The finished copy should match every record exactly and contain no pictures.

# INFORMATION PROVIDED
————

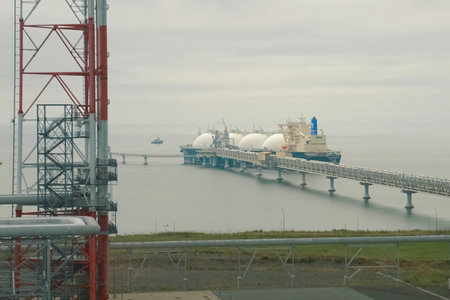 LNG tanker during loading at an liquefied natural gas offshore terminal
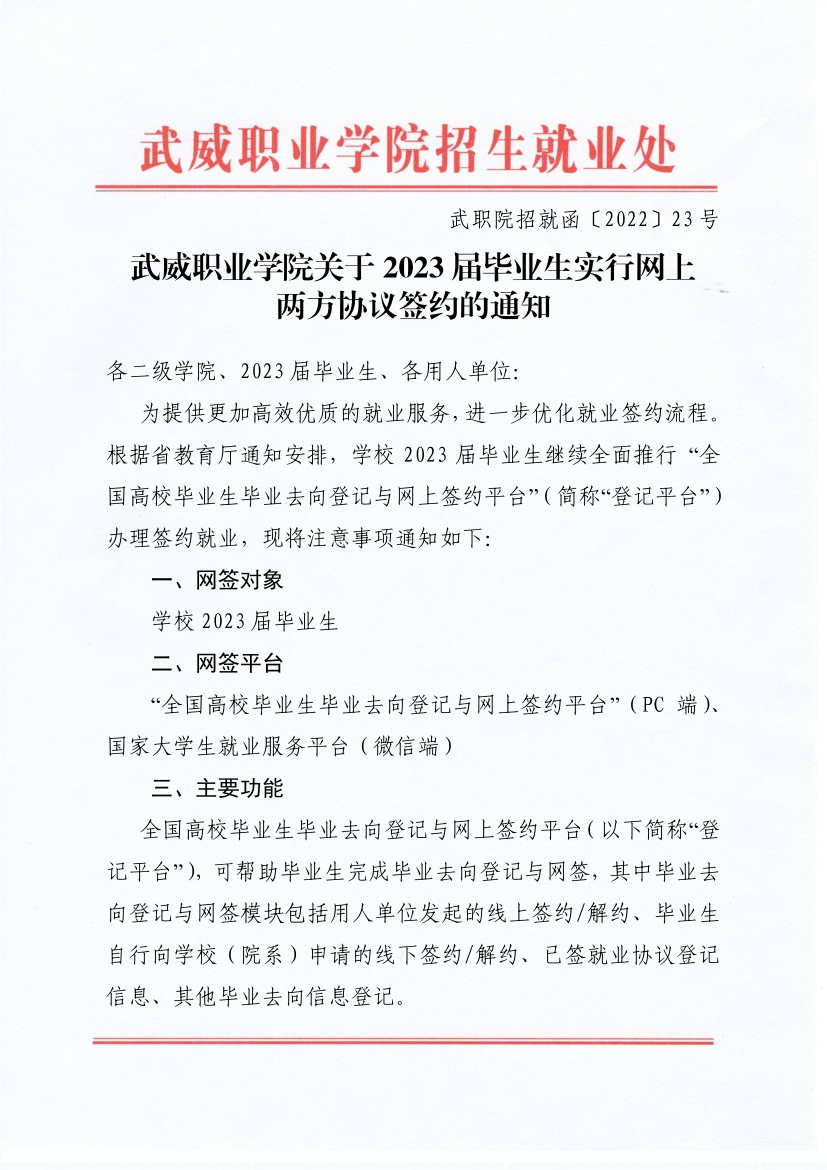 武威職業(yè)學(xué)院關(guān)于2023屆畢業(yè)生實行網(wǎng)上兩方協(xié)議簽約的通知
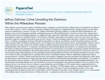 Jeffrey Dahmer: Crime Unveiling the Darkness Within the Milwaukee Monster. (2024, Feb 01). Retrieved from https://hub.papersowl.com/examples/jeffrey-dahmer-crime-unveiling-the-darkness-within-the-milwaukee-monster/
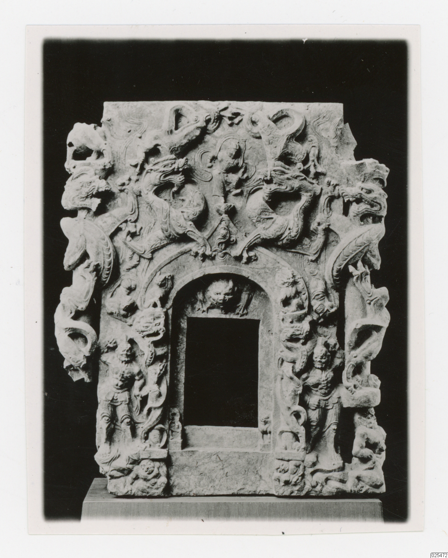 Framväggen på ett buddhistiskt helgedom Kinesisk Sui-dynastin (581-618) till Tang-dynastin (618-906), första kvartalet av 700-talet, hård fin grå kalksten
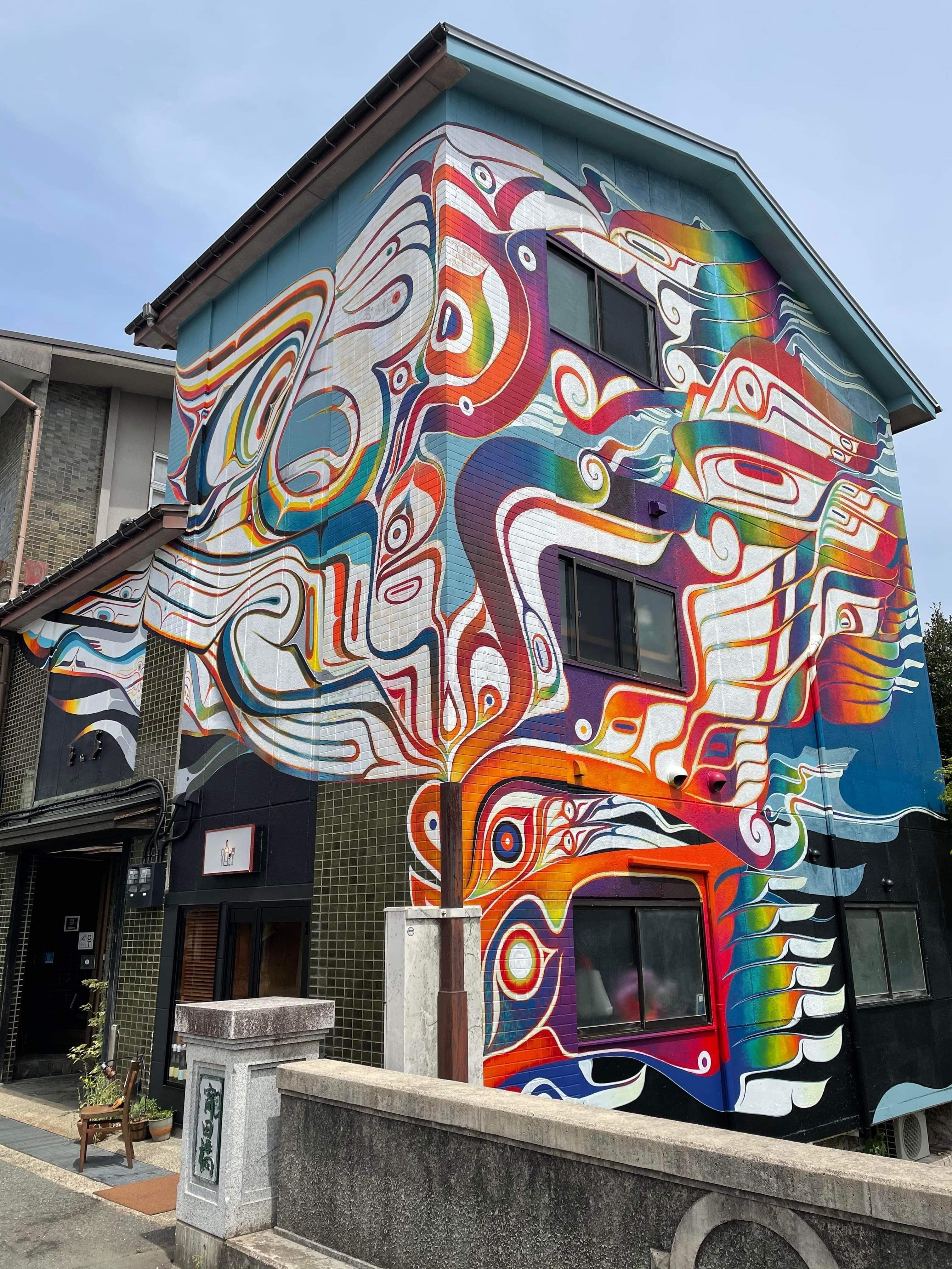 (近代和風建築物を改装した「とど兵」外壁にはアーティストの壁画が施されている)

————

# ANSWER BELOW
 LNG tanker during loading at an liquefied natural gas offshore terminal
 武威職業(yè)學(xué)院關(guān)于2023屆畢業(yè)生實行網(wǎng)上兩方協(xié)議簽約的通知
 Jeffrey Dahmer: Crime Unveiling the Darkness Within the Milwaukee Monster. (2024, Feb 01). Retrieved from https://hub.papersowl.com/examples/jeffrey-dahmer-crime-unveiling-the-darkness-within-the-milwaukee-monster/
 Framväggen på ett buddhistiskt helgedom Kinesisk Sui-dynastin (581-618) till Tang-dynastin (618-906), första kvartalet av 700-talet, hård fin grå kalksten
 (近代和風建築物を改装した「とど兵」外壁にはアーティストの壁画が施されている)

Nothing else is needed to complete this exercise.